8.9.10

El filósofo

La eterna y misteriosa agonía del canto de un búho se ha inyectado lentamente en la sangre de Anderson, como una melódica sinfonía en el torso de un clavel negro en el agua, como un pino moviéndose tras el viento salvaje que proclama aquella tarde de invierno a la luna próxima en salir.

Las campanas de la iglesia más cercana resuenan al atardecer con gran estupor, habiendo descubrir el nacimiento del sol en su cuerpo húmedo, desdeñando las profundidades de la laguna tras los temblores sonoros de aquellas llamadas lúgubres en el bosque.

“Llamad a vuestros súbditos” – dictó con un fuerte grito el viejo Anderson al salir de su cabaña presurosamente, al ver por la ventana de su hogar que una numerosa parvada de aves salía discretamente y con gran ímpetu de los cipreses del bosque para tomar nuevamente su rumbo hacia el norte del horizonte.

Anderson, un anciano de apariencia acabada y semblante solitario recuerda los atardeceres como momentos de pánico en su vida, momentos que hacen que su corazón salga de súbito instante de su pecho, habiendo colocarle a este en la boca de la desesperación, masticándole y escupiéndole hasta que este tiñera de rojo la vida del cielo, la piel nauseabunda del espacio, el crimen de su cuerpo, el asesinato de su corazón.
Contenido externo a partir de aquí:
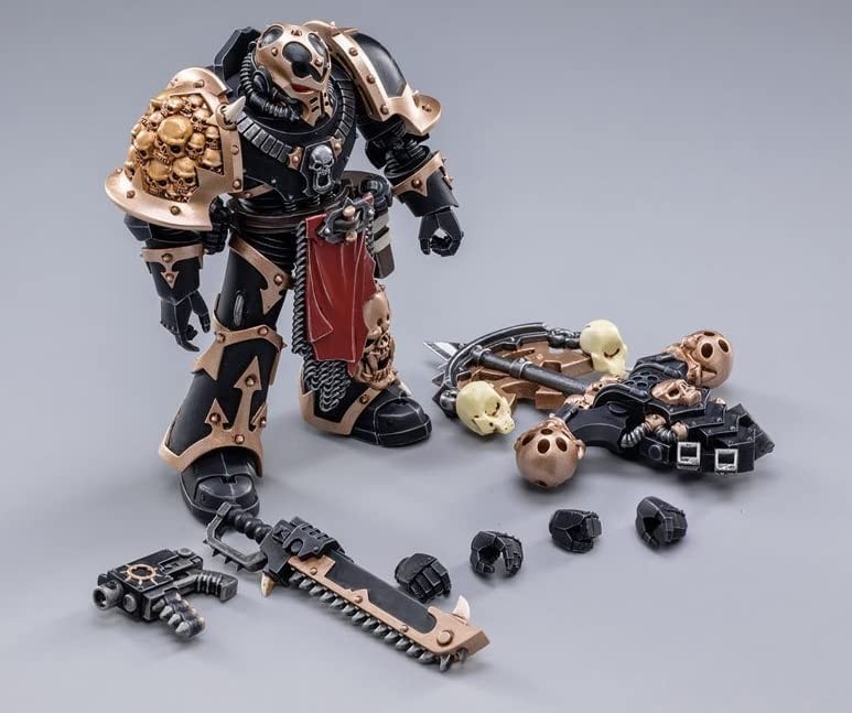 Ni si quiera los Marines Espaciales están a salvo de la atracción del Caos… Esta figura articulada de JoyToy es un Marine Espacial del Caos D-04. Complementando sus dotes genéticas con oscuros hechizos, estos valerosos guerreros se convirtieron en fuerzas de la oscuridad y ahora son el núcleo de cualquier ejército del Caos. La figura con licencia oficial de Warhammer 40.000 mide 12 cms e incluye varios accesorios geniales como pistola bolter, espada sierra, manos intercambiables y una mochila generador de energía. Está detallada al extremo. Colócala en tu colección espacial y lidera a las hordas del Caos en su cruzada a través del universo.

“Fui capitán de un gran castillo gris, en las penumbras me conocí para recordarme en cada llamada que ordene el desalojo de mi vida. Es por eso que las aves, mis únicos amores, tienen el poder de comunicar mi infortunio a mis vástagos los hombres. Seguid a vuestros súbditos, que el infortunio revela el campo que hay que seguir en esta noche estrellada hasta llegar a la penumbra de la especie y del pensamiento símil del alma.”

“Seguid, seguid, es que la mente espera su llagada”, replico a los cuatro vientos el viejo Anderson antes de acarrear su cuerpo débil a la oscuridad del bosque, perdiéndose la silueta de este entre tanto ciprés y parvada de cuervo.

Dejémosle que siga su camino, en las cuevas habrá de hallar los colores que tanto extraña, los espacios que tanto anhela, la libertad que tanto añora, y que aquí en el mundo tangible no ha encontrado por mas que ha buscado tras las paredes de su casa y de su mente.

Las puertas del bosque se han cerrado, Anderson escapa una vez más del atardecer, buscando con harto apresuramiento el origen de la vida y del anochecer.